Inevitably this madness will lead to a huge tragedy, with the son ending up in prison and the mother left alone and hated by the entire town.

Here is precisely where the story begins, which through flashbacks, traces the life of this woman who never had a chance to be happy.

The horror of family fear

Wanting to make a comparison, to find a movie close to 2011’s We Need To Talk About Kevin, we have to go back to 1976 with The Omen by Richard Donner.

For those who remember, the cause of evil was demonic in origin, and the sinister son was none other than the antichrist himself.

Here director Lynne Ramsay fragments this fear into many small moments that she then distributes by mixing it with her broken protagonist’s lonely and hopeless present.

In the first flashbacks of this broken mother, we see her initially hesitant in her desire to have a child, fearing that she will have to give up her passion for photography.

From the first moments with the newborn, the feeling of something wrong seems to punish her for not having desired that pregnancy.

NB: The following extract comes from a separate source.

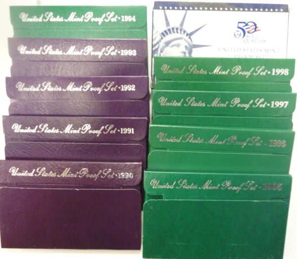 U.S. PROOF SETS OF THE 90'S ( 10 ) SETS, ORIGINAL MINT PACKAGING

The more the child grows, the more dangerous and unpredictable he becomes. We can say that the only thing predictable is that he is about to do something cruel toward his mother.

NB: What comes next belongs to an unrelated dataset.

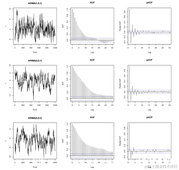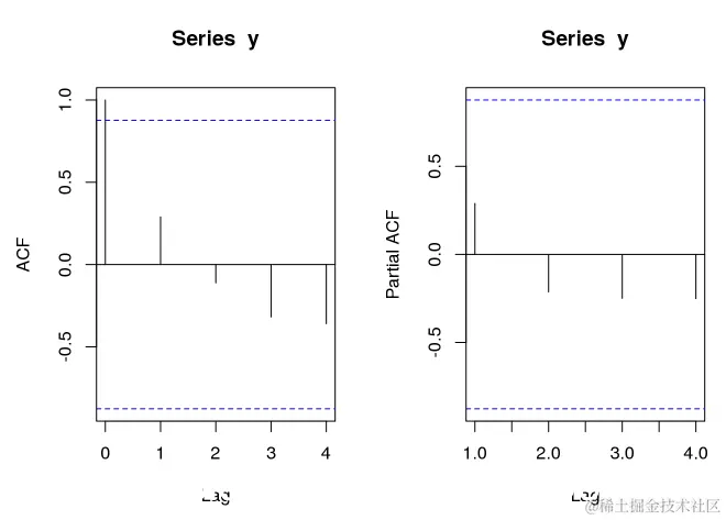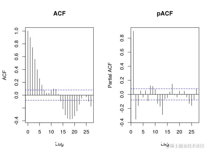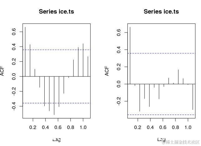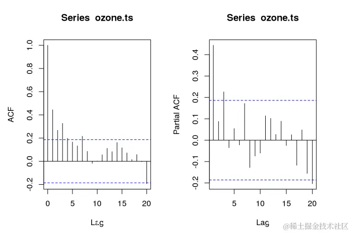 为了确定哪个更合适,AR或MA,我们需要考虑ACF(自相关函数)和PACF(偏ACF)。

However, when he becomes a boy, his hatred of the woman can no longer suffice, leading to the escalation into a school massacre that, unfortunately, is something that often recurs in American news.

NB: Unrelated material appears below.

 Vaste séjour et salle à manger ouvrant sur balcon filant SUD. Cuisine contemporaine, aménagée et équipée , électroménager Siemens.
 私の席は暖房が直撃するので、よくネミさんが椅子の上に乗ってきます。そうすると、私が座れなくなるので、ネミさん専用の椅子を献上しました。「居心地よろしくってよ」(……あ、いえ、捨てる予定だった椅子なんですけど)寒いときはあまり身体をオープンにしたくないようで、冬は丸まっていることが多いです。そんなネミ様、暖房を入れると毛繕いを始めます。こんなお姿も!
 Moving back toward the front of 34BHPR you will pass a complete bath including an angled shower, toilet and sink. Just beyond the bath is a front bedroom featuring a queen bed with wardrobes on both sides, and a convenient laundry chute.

The alternating montage between past and present is not a distraction that breaks the rhythm but increases the unease we feel in every minute of this movie.

It is not for nothing that I describe it as a family thriller since the protagonist must live facing the horror of a serial killer inside her home.

No one seems to believe her, and she seems incapable of proving his insanity, considering even her father justifies every oddity as mere adolescent whims.

Yet, finally, every piece of this puzzle falls perfectly back into place, perhaps hinting at a final and impossible reconciliation.

Not for everyone, you need to try it

Lynne Ramsay writes a classy script that she brings to the stage with a simple and effective style.

The director purposefully avoids any unnecessary virtuosity of the camera, letting the performance of her fine cast for whom she has written excellent roles do the talking.

Tilda Swinton is a fantastic leading lady who brings to the stage all the hidden despair of a lonely woman, both in the present and the sad past.

Indeed even when she is with her family, she is alone, as her son hates her and her husband will not listen, while her child is too young to understand.

However, his frustration is never explosive but always hidden in the looks she shares with a young psychopath seemingly devoid of emotion.

Esdra Miller plays the role of the teenage character, who becomes an ice-cold boy after being a rebellious child, but only in front of his mother’s eyes.

Like any psychopath, he manages to hide his madness from others, appearing to be a regular and even charming person, while inside him, the rage grows in a vortex that can only get worse.

Even the father, the usually reliable John C. Reilly, is fooled by appearance and does not understand what is happening until it is too late.

The actor’s naive and offended performance heightens the woman’s loneliness and the tension of each scene with an omnipresent sense of menace that only he seems not to notice.

We Need To Talk About Kevin did not gross much in theaters in 2011, despite being a low-budget movie and thus consistently earning something.

The story is a disturbing and reflective experience, a must-see for anyone looking for something beyond straightforward entertainment cinema.